T H E   N I H    C A T A L Y S T      M A Y  –  J U N E  1999



by Doug Loftus
The Vaccine Research Center: In the throes of development in the spring of 1999 (above) and as it is projected to appear in splendid completion in the summer of 2000 (below).

Since construction of the new Vaccine Research Center (VRC) began last year, people working in Buildings 36 and 37 have been front row spectators to a large-scale creative endeavor. Amid noise and a seemingly chaotic array of equipment, cables, concrete, and steel, specialized teams of craftsmen methodically coordinate their activities, progressively building from the foundation upward. When finished, the product of their efforts will benefit not only the research community, but, it is hoped, public health as well. The creation of the VRC itself serves as a fitting metaphor for the planned activities of its future occupants, according to the vision set forth by VRC Director Gary Nabel at the Office of AIDS Research Advisory Council (OARAC) meeting held April 28–29.
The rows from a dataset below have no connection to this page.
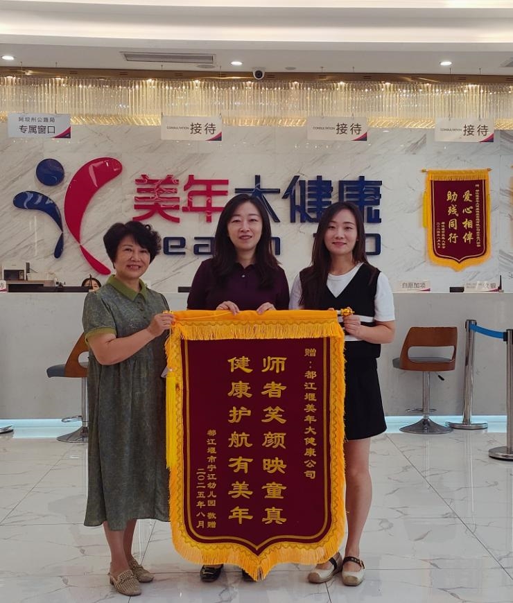 通过活动,帮助幼儿园教职工们了解自身健康状况,做到“早预防、早发现、早治疗”,进一步强化教师们的健康意识,提升大家的幸福指数,有效展现都江堰市知联会服务社会的风采。宁江幼儿园书记及园长为提供此次公益体检的都江堰美年大健康健康管理有限公司增送锦旗表示感谢。
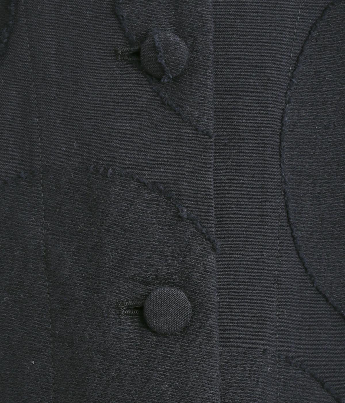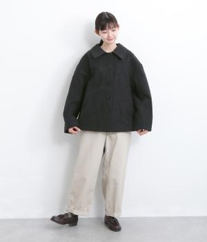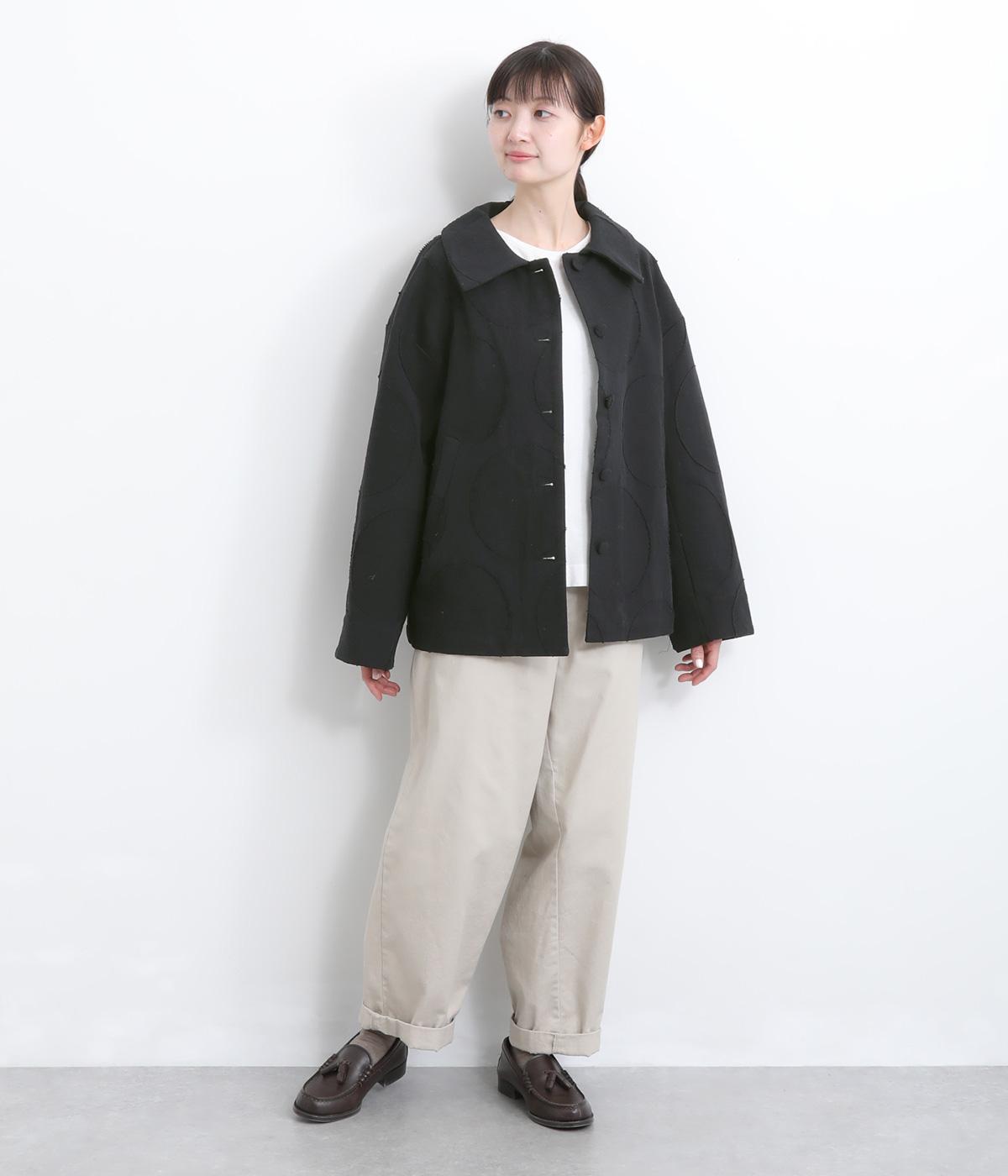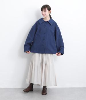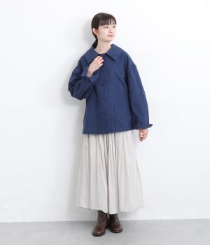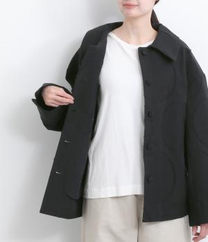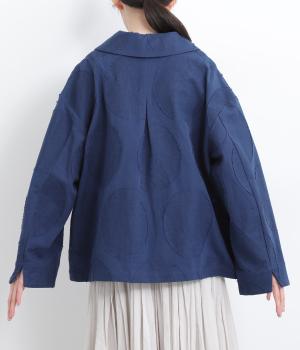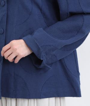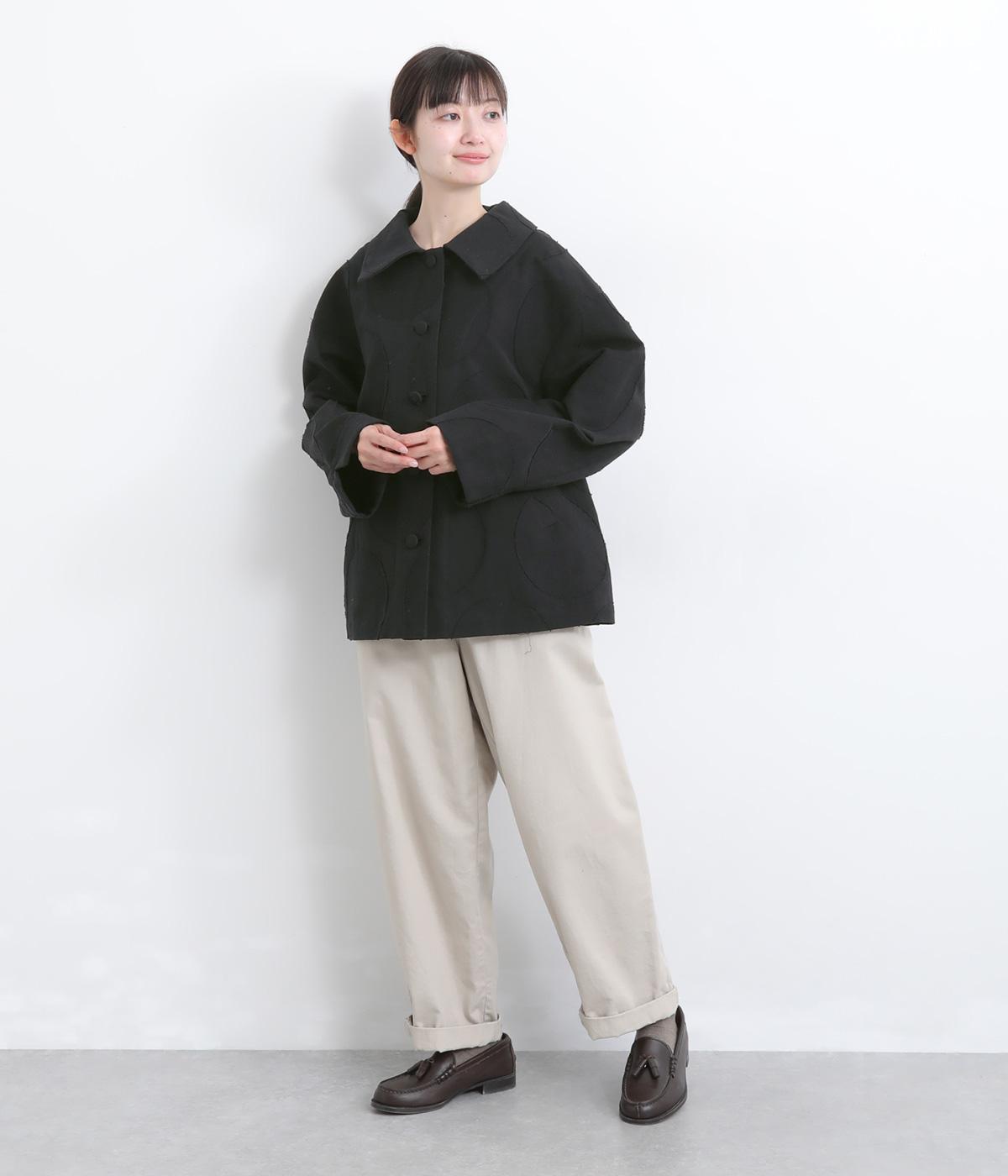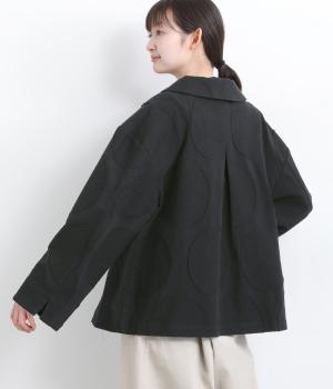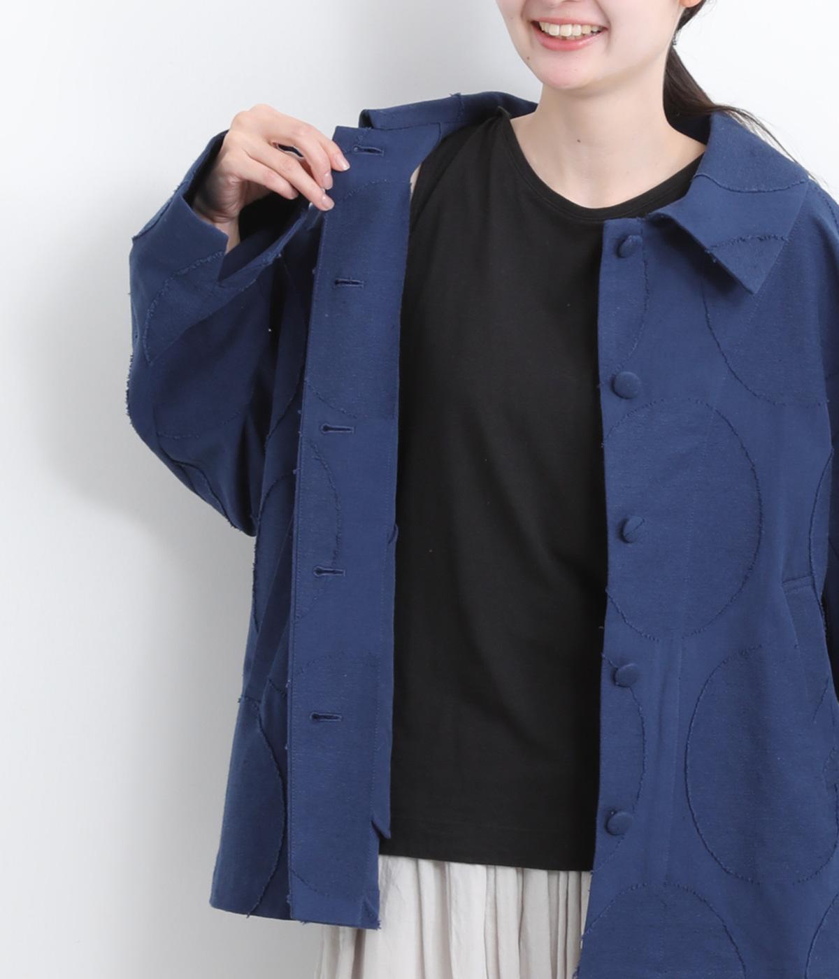 大胆なのにさりげなくなじむドット柄が奥行きのある表情をつくります。印象的な大きな襟は顔まわりをすっきりと見せてくれます。共布のくるみボタンもかわいらしいアクセントに。抜け感のあるスリット入りの袖は折り返しても◎。
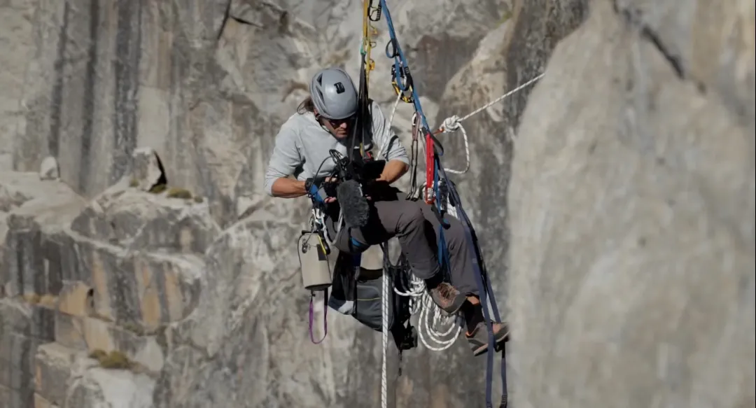 每個攝影師的位置都需要精心設計,既不能被其他攝影機拍到還需要將懸掛自己的繩子隱藏起來。他們都清楚的知道自己需要捕捉到什麼樣的鏡頭,在什麼樣的方位上需要如何拍攝,何時推進和移動鏡頭來確保“隱形”拍攝,把對Alex的攀巖時的外部影響降到最低。這種隱形式拍攝滿足了Alex的希望被拍攝,但不希望感受拍攝的自在。
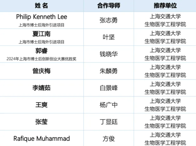 近日,根据《上海市“超级博士后”激励计划实施办法》的精神和要求,经博士后个人申报、单位推荐及上海市人才局组织专家评审,2024年上海市“超级博士后”激励计划拟资助人员名单火热出炉。其中,beat365中文登录入口有8位博士后获得资助(已通过公示期),名单如下:
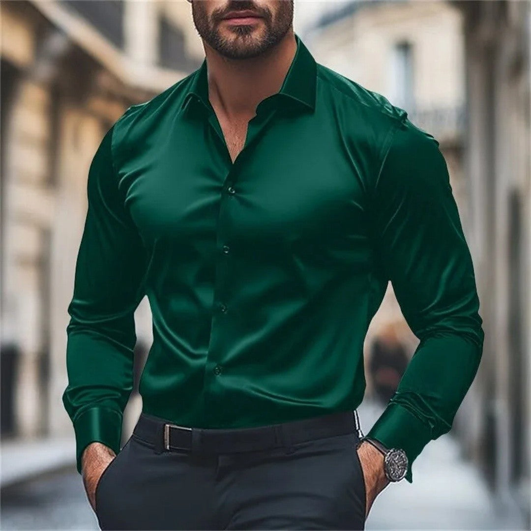 New Arrival 2025 Spring Men's Long Sleeve Shirts | Fashionable Single-Breasted Cotton Shirt in Blue Green Khaki Grey | Available
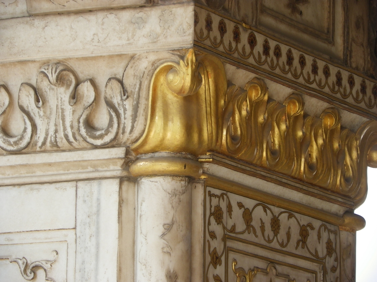 イギリスはインドの植民地経営から莫大な富を得ていました。このため、インドは金の卵を産む鶏と呼ばれていました。セポイの反乱が起きるとイギリス人も植民地経営に協力したインド人も我先にインドから逃げ出しました。その時に何をしたのか?鶏を殺して金を持って逃げたのです。写真はそのときの証拠です。逃げる時に、人々は部屋の装飾の金銀宝石を剥がして、イギリスへ持ち出したのでした。あまりに慌てたせいか、少しだけ剥がし忘れた金の装飾が残っています。
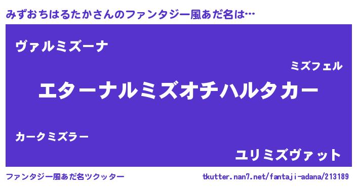 | 欧米人風あだ名 | 『みずおちはるたかクリステル』 |
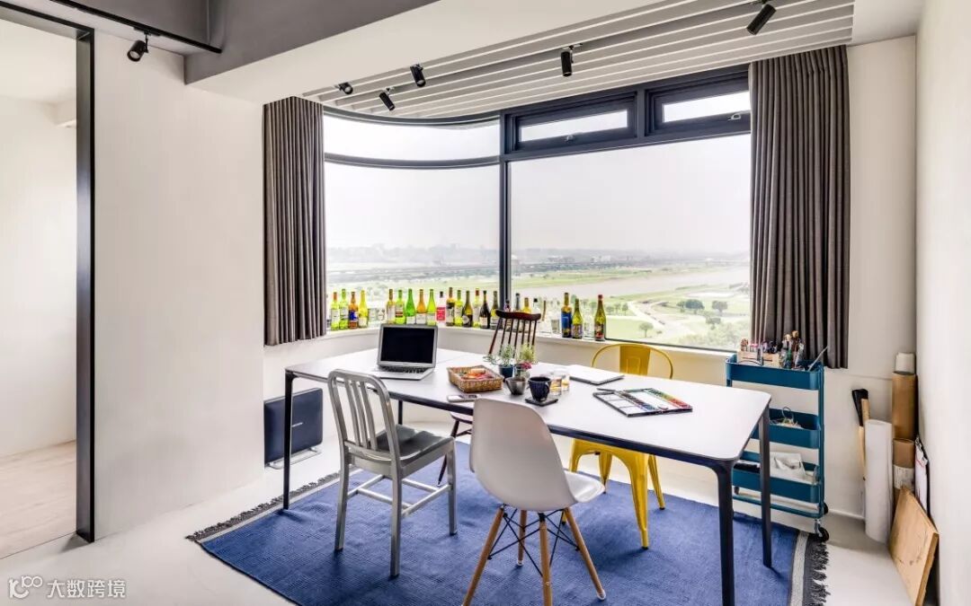 餐椅的颜色、款式和风格完全不一样,酒瓶摆在了窗台上,很有艺术感,就像是一幅画一样。
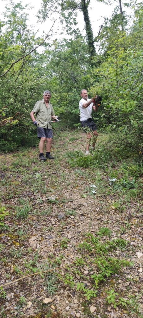 Deux braves bénévoles qui s’activent pour vous faire de beaux chemins bien propres et nets, enlever quelques branches, des ronces, etc. pour la marche du souvenir !
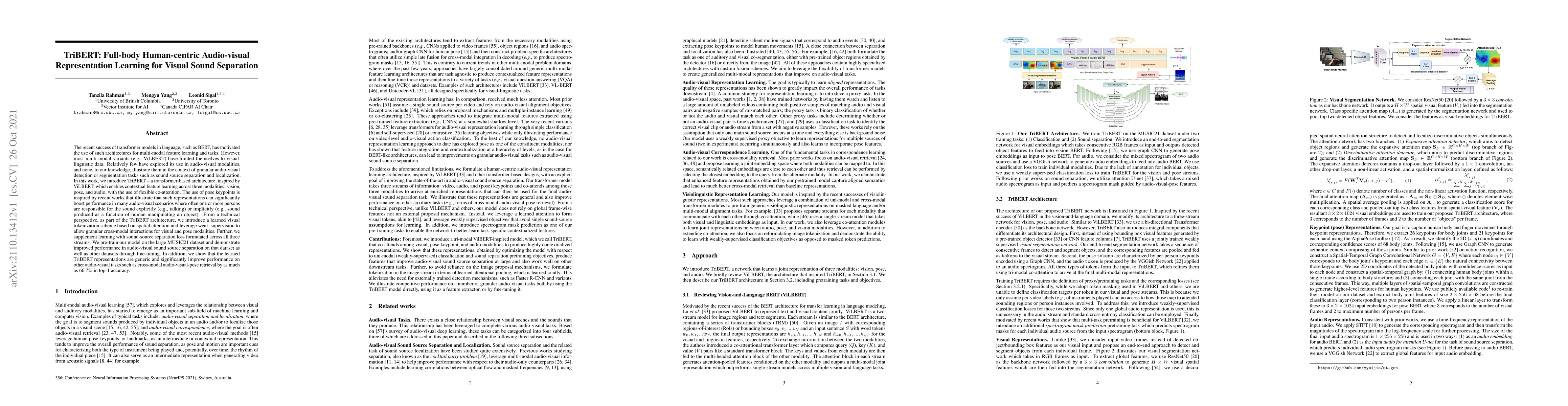 TriBERT is a transformer-based model that learns contextual features across vision, pose, and audio modalities for audio-visual tasks. It demonstrates improved performance in sound source separation and other audio-visual tasks, showing the effectiveness of integrating human pose keypoints and multi-modal co-attention.
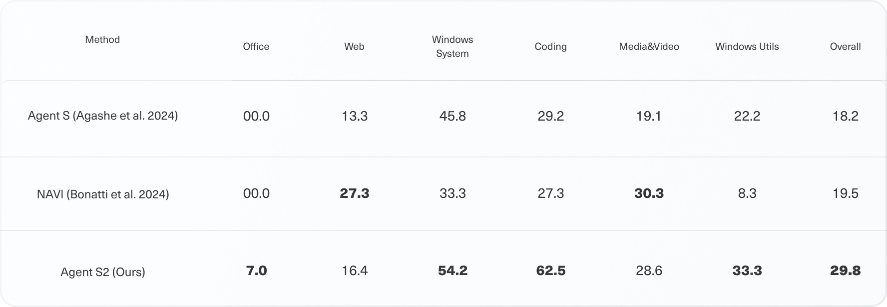 Building an agent that can use a computer like a human remains one of the most formidable milestones on the path toward artificial general intelligence. From executing open-ended digital tasks to navigating unfamiliar applications via GUIs, the problem space is vast, noisy, and highly dynamic. Today, we're thrilled to release the technical paper for Agent S2, a modular framework that has set new state-of-the-art performance on multiple computer-use benchmarks.
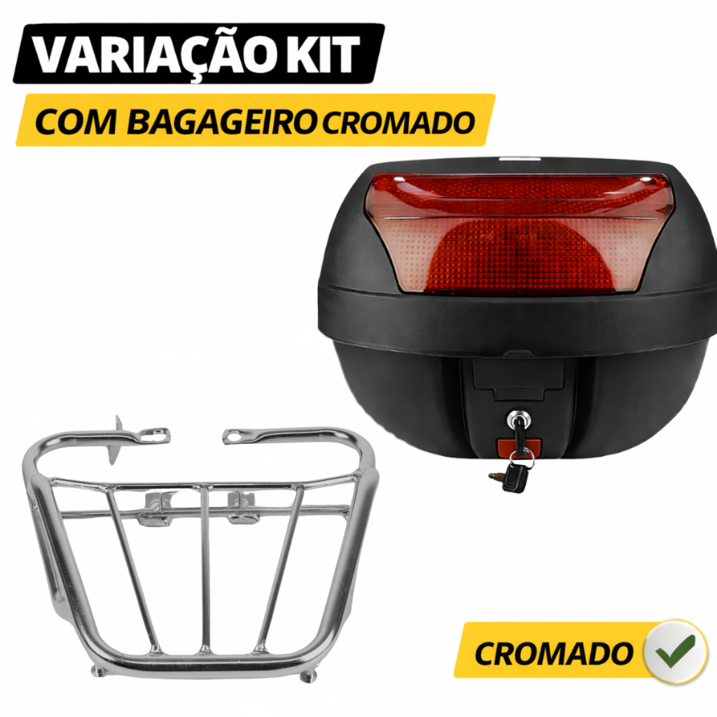 Baú 28L Pro Tork ou Bagageiro Titan 150 2004 a 2008 Cromado ou Preto com Variação
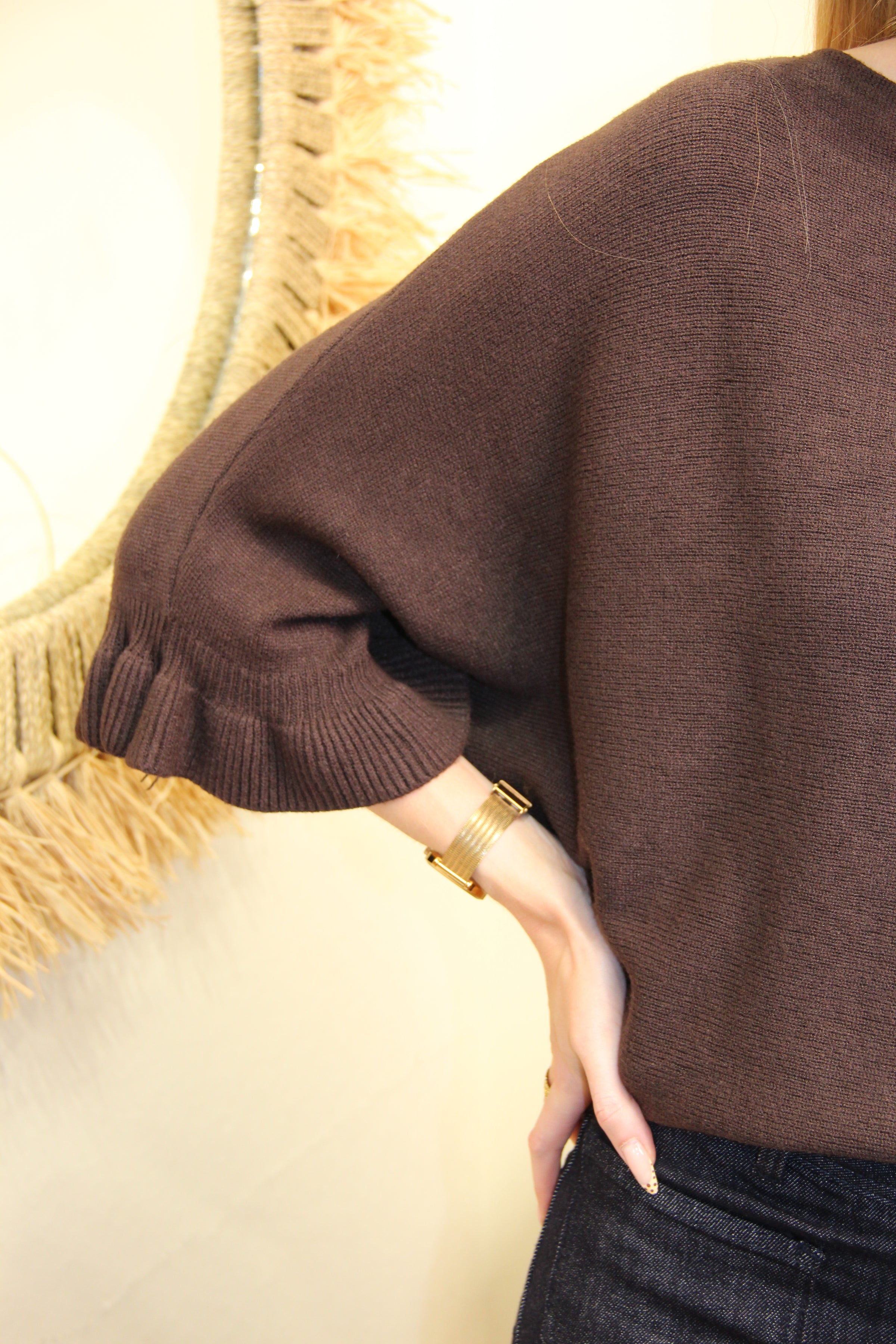 Avec son coloris chocolat profond et sa coupe loose ultra confortable, le pull Clara est un essentiel chic et cosy. Parfait pour réchauffer vos looks avec style, il séduit par ses manches 3/4 bouffantes et son encolure bateau.

Nabel, who has been a Hughes Investigator at the University of Michigan, Ann Arbor, as well as director of the Center for Gene Therapy there, has a strong and diverse background in research and medicine, though vaccine development has not been the focus of his career. "I do actually think there is an advantage to the fact that I wasn’t in traditional vaccine development—I understand the issues, but I think I can come in with more of an open mind and try to facilitate things based on my background," he says.

The background he speaks of includes innovative work on molecular biological strategies and their application to gene-based therapies and vaccinations for AIDS, cancer, and Ebola virus.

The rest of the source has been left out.